Senin için İstanbul’a gitmek hazin bir firak, elîm bir iftirak değil, hem de geldin, memnun olmadın mı? O düşman memleketindeki pek karanlık uzun gecelerinden ve pek soğuk, fırtınalı kışlarından kurtuldun. Bu güzel dünya Cenneti gibi İstanbul’a geldin. Aynen öyle de: Senin küçüklüğünden bu yaşına kadar, sevdiklerinden yüzde doksan dokuzu, sana dehşet veren kabristana göçmüşler. Bu dünyada kalan bir iki dostun var, onlar da oraya gidecekler. Dünyada vefatın firak değil, visaldir; o ahbablara kavuşmaktır. Onlar, yâni o ervâh-ı bâkıye, eskimiş yuvalarını toprak altında bırakıp, bir kısmı yıldızlarda bir kısmı âlem-i berzah tabakatında geziyorlar, diye ihtar edildi.

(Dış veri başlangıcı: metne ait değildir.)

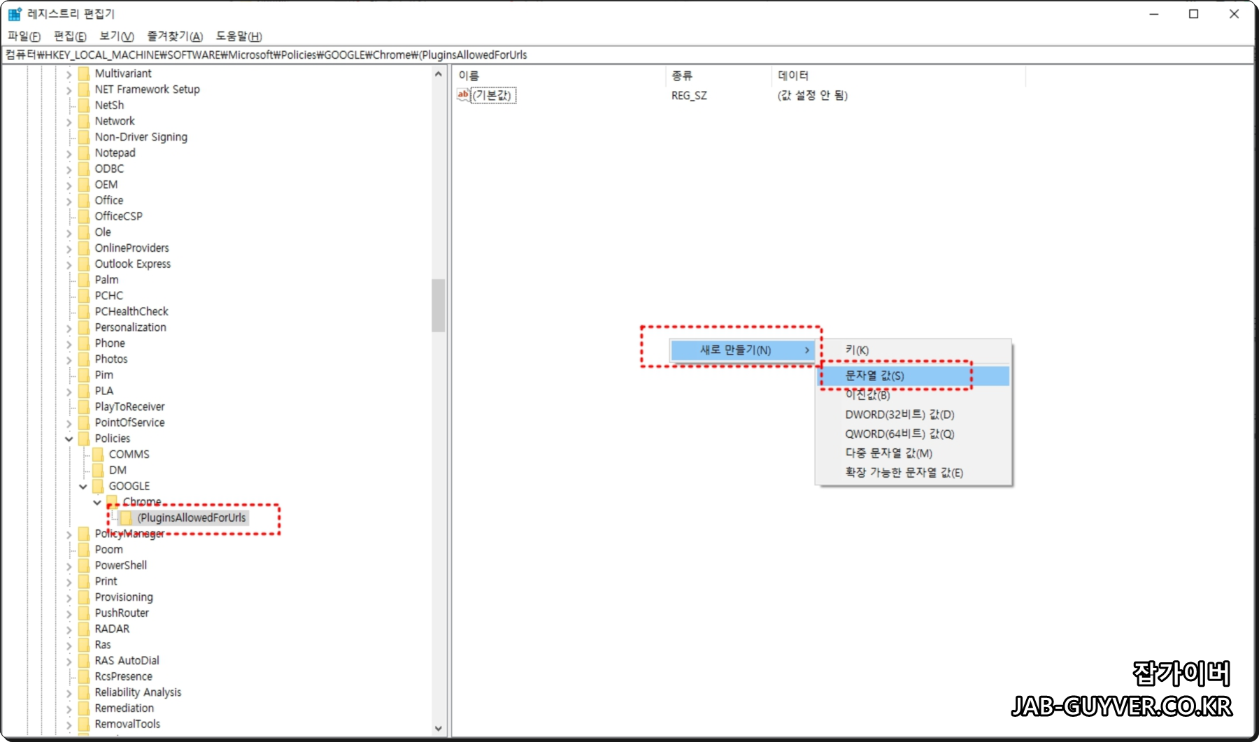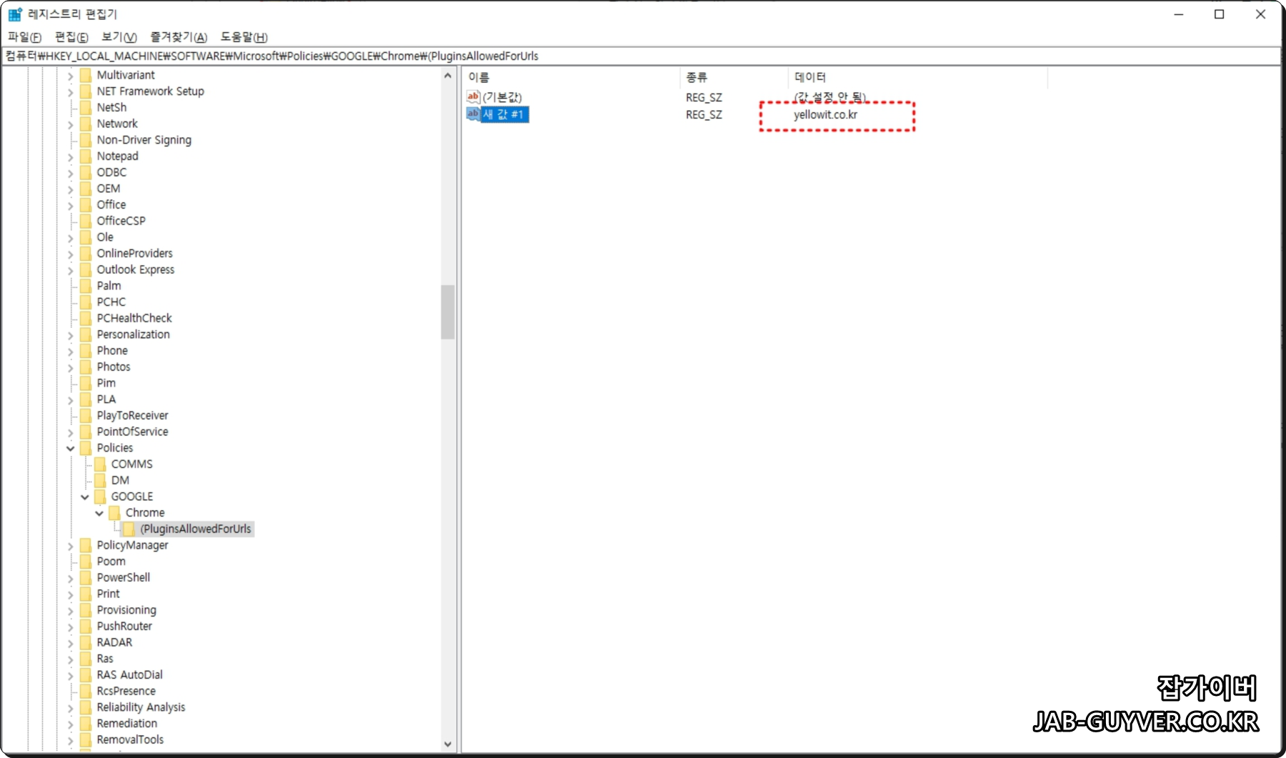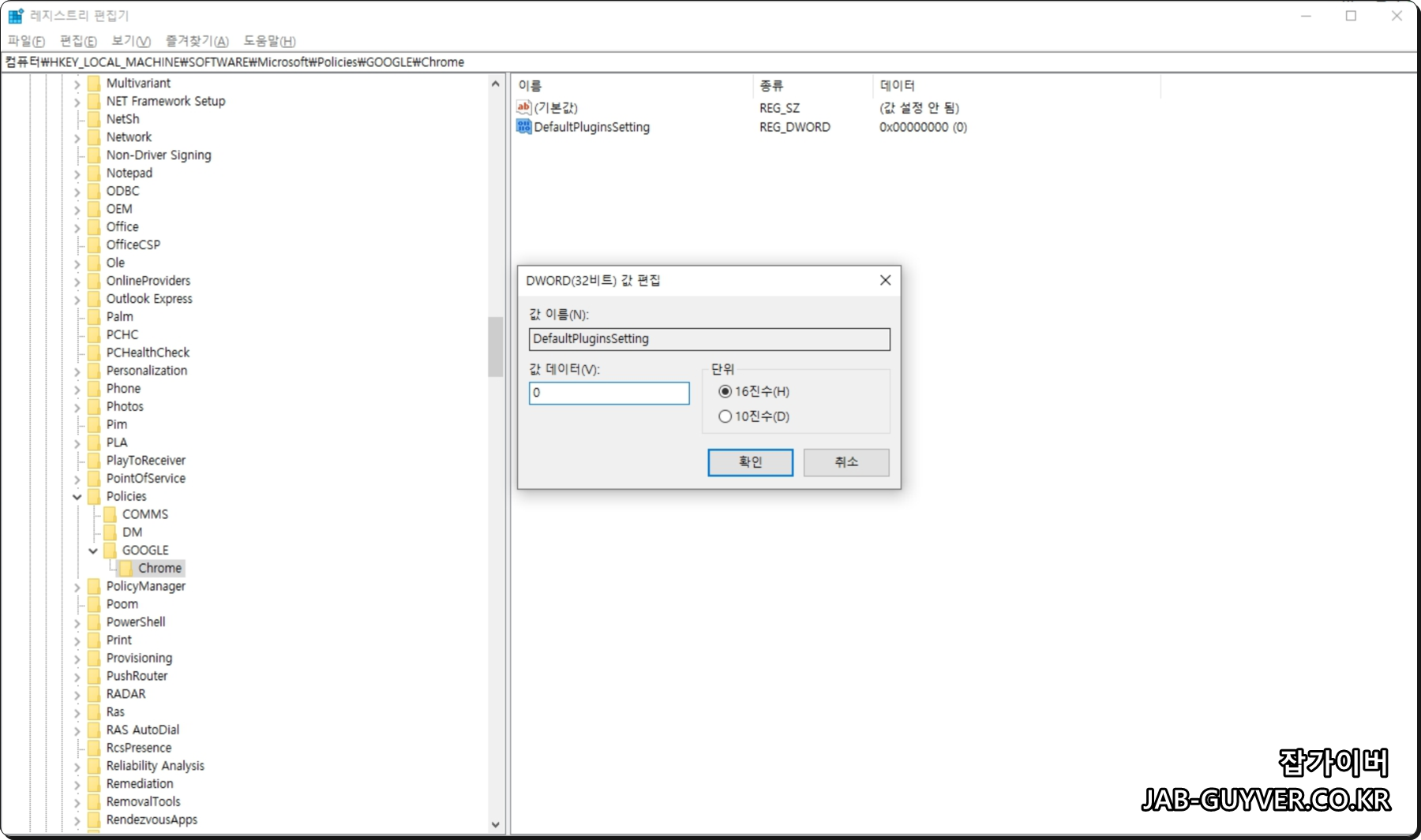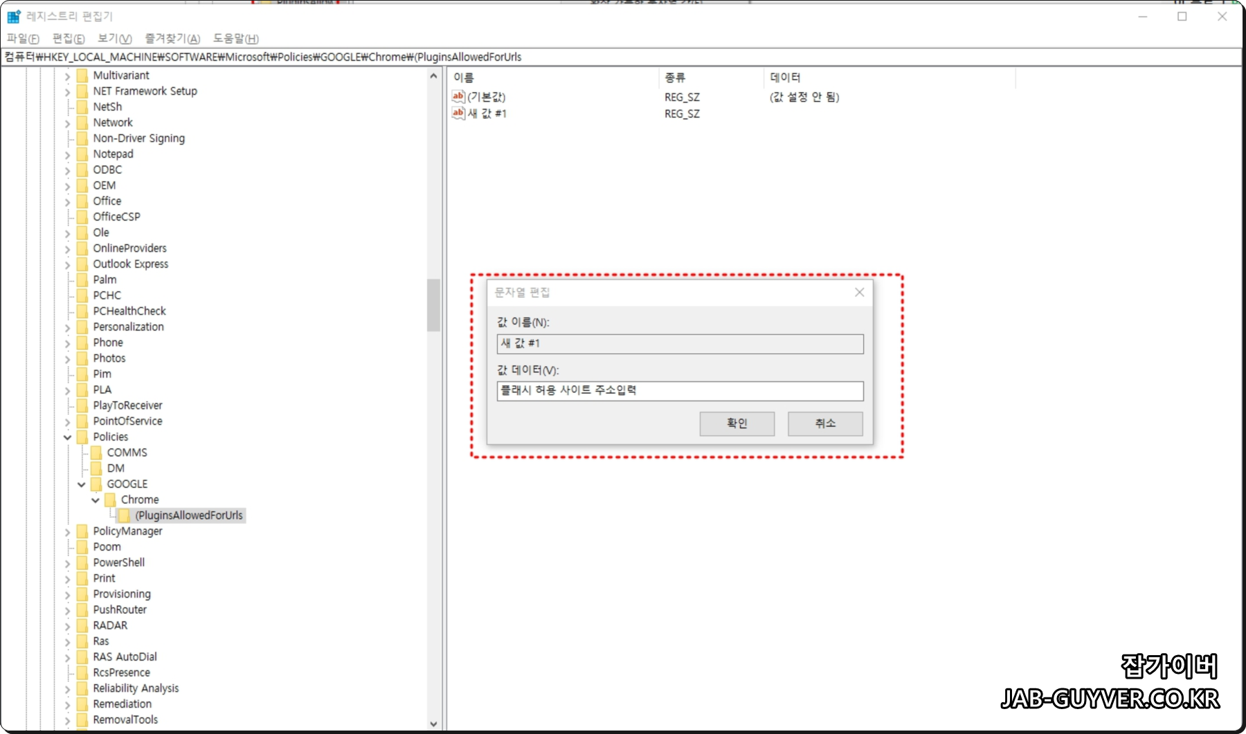 구글 크롬 플래쉬 허용 레지스트리 편집

Evet, bu hakîkati, Kur’ân ve îman o derece kat’i bir sûrette isbat etmiştir ki, bütün bütün kalbsiz, ruhsuz olmazsa veyahut dalâlet kalbini boğmamış ise, görüyor gibi inanmak gerektir. Çünkü; bu dünyayı, hadsiz enva-ı lütûf ve ihsanatiyle böyle tezyin edip, mükrîmane ve şefikane rubûbiyetini gösteren ve tohumlar gibi en ehemmiyetsiz cüz’î şeyleri dahi muhafaza eden bir Sâni-i Kerîm ve Rahîm; masnuatı içinde en mükemmel ve en câmi, en ehemmiyetli ve en çok sevdiği masnuu olan insanı, elbette ve bilbedahe, sûreten göründüğü gibi böyle merhametsiz, âkıbetsiz idam etmez, mahvetmez, zâyi’ etmez. Belki bir çiftçinin toprağa serptiği tohumlar gibi, başka bir hayatta sünbül vermek için Hâlık-ı Rahîm, o sevdiği masnuunu, bir rahmet kapısı olan toprak altına muvakkaten atar. (Hâşiye) İşte bu ihtar-ı Kur’ânîyi aldıktan sonra, o kabristan İstanbul’dan ziyâde bana ünsiyetli oldu. Halvet ve uzlet, bana sohbet ve muaşeretten daha ziyâde hoş geldi. Ben de Boğaz tarafındaki Sarıyer’de, bir halvethâne kendime buldum. Gavs-ı A’zam (K.S.) “Fütuh-ül-Gayb”ıyla bana bir üstad ve tabib ve mürşid olduğu gibi, İmâm-ı Rabbânî de, “Mektûbât” iyle bir enis, bir müşfik, bir hoca hükmüne geçti. O vakit ihtiyarlığa girdiğimden ve medeniyetin ezvâkından çekildiğimden ve hayat-ı içtimâîyeden sıyrıldığımdan pek çok memnun oldum. Allaha şükrettim...”
Hâşiye: Bu hakîkat, iki kere iki dört eder derecesinde sâir risâlelerde, husûsan Onuncu ve Yirmi Dokuzuncu Sözlerde isbat edilmiştir.